Instructions to follow: Among the entries below, find the line with "Mardi 21 Avril" and the line with "Green Striped Bone". Return exactly those lines and every line between them, but no pictures.

Given data:
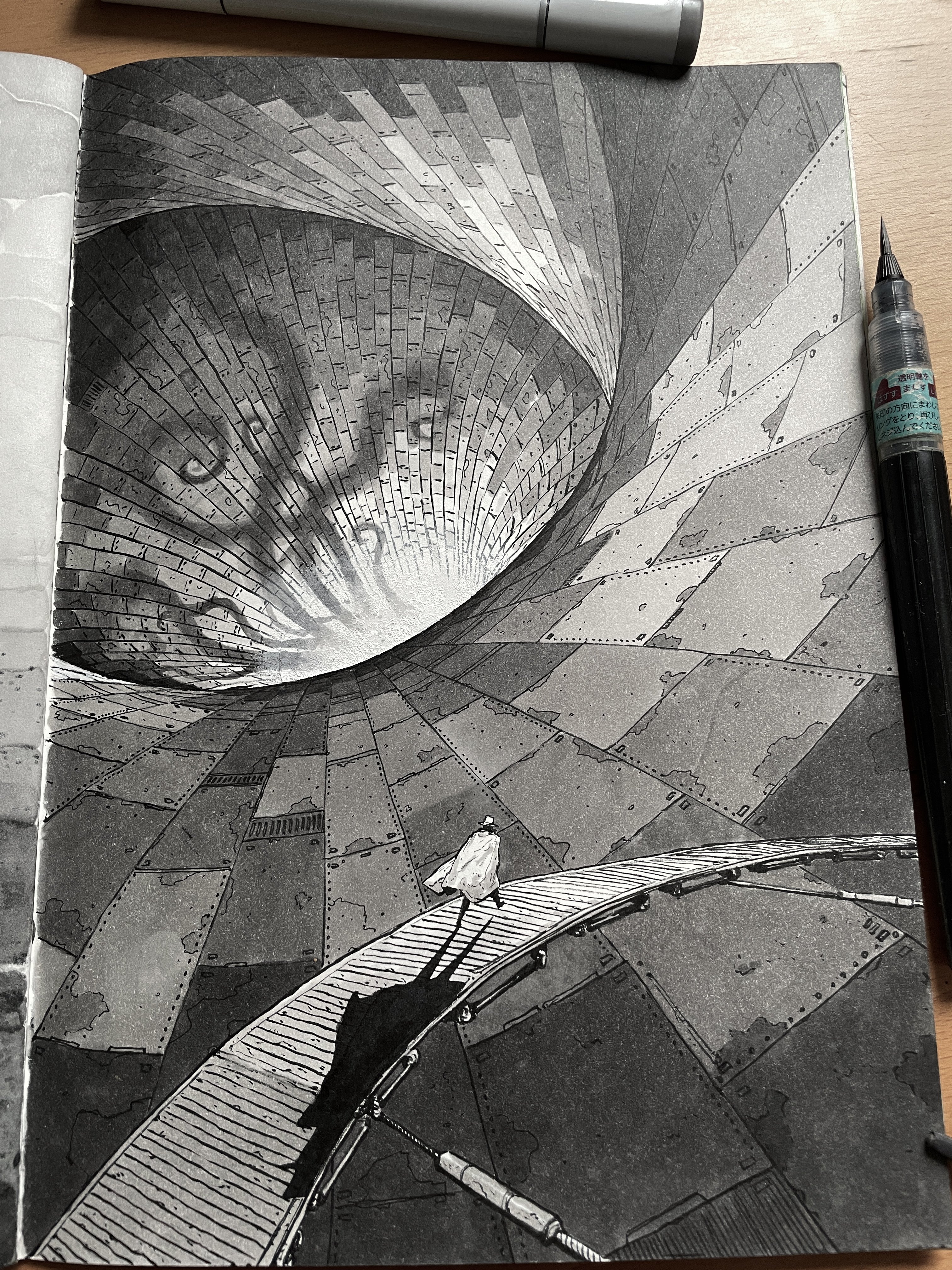 1boy absurdres art_tools_in_frame bridge cave cloak commentary fedora greyscale hat highres ink_(medium) luan_tie male_focus monochrome monster original photo_(medium) traditional_media tunnel
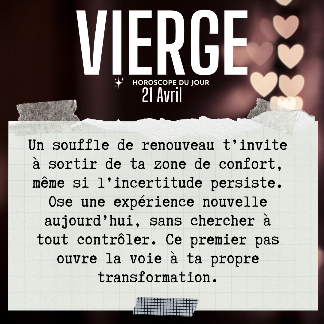 ♍ Vierge aujourd'hui Mardi 21 Avril
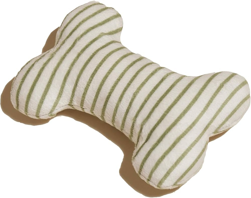 Green Striped Bone Shaped Plush Dog Toy 6" - Dog Toys for Medium & Large Dogs - Squeaky Dog Puppy...
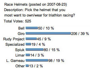 Louis Garneau runs a surprisingly strong second place, with one in five respondents choosing this brand. Maybe its association with Chris Legh has something to do with it. But it’s also likely that since this poll asked triathletes what they’ll race in, the fact that Garneau’s Rocket is one of the few aero helmets worth using pumps up its numbers.
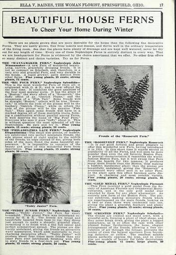 Keywords: The wonderful new rose hoosier beauty (16388757635).jpg Fine young plants 15 cents; strong <br> plants 50 cents <br> Teddy Junior Fern <br> THE TEDDY JUNIOR FERN Nephrolepis Teddy <br> Junior Teddy Junior the Fern for every <br> household This grand Fern was introduced re- <br> cently by G R The fronds are broad and <br> beautifully tapered from base to tip; they droop <br> just enough to make a shapely graceful plant <br> permitting it to finish with a fine full center and <br> perfect symmetrical spread The pinnae are dis- <br> tinctly undulated giving the fronds an attractive <br> wavy appearance which adds materially to their <br> charming decorative effect Teddy Junior will <br> produce about four times more fronds than any <br> other Fern ever introduced finishing with fifty <br> to sixty fronds in a four-inch pot Fine young <br> plants 15 cents; strong plants 50 cents <br> Fronds of the Roosevelt Fern <br> THE ROOSEVELT FERN Nephrolepis Roosevelt <br> It is our good fortune and great pleasure to <br> offer this wonderful new Fern having introduced <br> it in 1910 In this short time it stands second in <br> popularity of all the Ferns and will soon be more <br> popular than even the old favorite Boston Fern <br> In general characteristics it resembles the world- <br> famous Boston Fern but it will sweep that Fern <br> from the boards for two reasons; it produces <br> many more fronds than the Boston thus making <br> a bushier handsomer plant; then the pinnae are <br> beautifully undulated giving the Roosevelt a <br> pronounced wavy effect seen in no other Fern; <br> as the plant ages this effect becomes quite dis- <br> tinct A charming and most notable variety <br> Fine young plants 20 cents; strong plants 65 <br> cents <br> THE GOLD MEDAL FERN Nephrolepis Piersonii <br> This Fern received a gold medal from the So- <br> ciety of American Florists and Ornamental Horti- <br> culturists and is the only gold medal ever <br> awarded by them for any plant whatsoever An <br> entirely new form of the Boston Fern The pin- <br> nae subdivide making miniature fronds which <br> are superimposed on the main fronds looking as <br> if two or even three were condensed into one <br> giving the plant a graceful feathery and plumy <br> effect Fine young plants 15 cents; strong plants <br> 50 cents <br> THE CRESTED FERN Nephrolepis Scholzeli <br> The fronds are crested and stand erect with a <br> graceful arch forming a plant of ideal shape and <br> they never break down giving the plant a ragged <br> appearance as is so often the case with other <br> plumed forms; furthermore the loose elegant <br> arrangement of the fronds allowing a free cir- <br> culation of air through the foliage prevents the <br> center of even the largest specimen from becom- <br> ing defective or yellow The smallest salable <br> plants perfectly express the type and in every <br> size are models of beauty for table decorations <br> Fine young plants 15 cents; large plants 50 <br> cents 41856314 131010 64616 Page 17 Text http //www biodiversitylibrary org/page/41856314 1918 10 5962/bhl title 64616 Ella V Baines Firm ; Henry G Gilbert Nursery and Seed Trade Catalog Collection NameFound Nephrolepis NameConfirmed Nephrolepis EOLID 61678 NameBankID 2644730 NameFound Splendida NameConfirmed Splendida NameBankID 5329744 Biodiversity Heritage Library Miss Ella V Baines the woman florist Springfield Ohio The wonderful new rose hoosier beauty Garden Stories Bulbs Plants Catalogs Flowers Plants Ornamental Roses Seed industry and trade Seeds Trade catalogs U S Department of Agriculture National Agricultural Library bhl page 41856314 dc identifier http //biodiversitylibrary org/page/41856314 bhlGardenStories BHLinbloom bulbs plants plants ornamental u s department of agriculture national agricultural library bhlgardenstories bhlinbloom Information field Flickr posted date ISOdate 2015-01-28 CC-BY-2 0 BioDivLibrary https //flickr com/photos/61021753 N02/16388757635 2015-08-24 07 51 34 cc-by-2 0 PD-old-70-1923 The wonderful new rose hoosier beauty Photos uploaded from Flickr by FĂŚ using a script |

Exercise result:
 ♍ Vierge aujourd'hui Mardi 21 Avril
 Green Striped Bone Shaped Plush Dog Toy 6" - Dog Toys for Medium & Large Dogs - Squeaky Dog Puppy...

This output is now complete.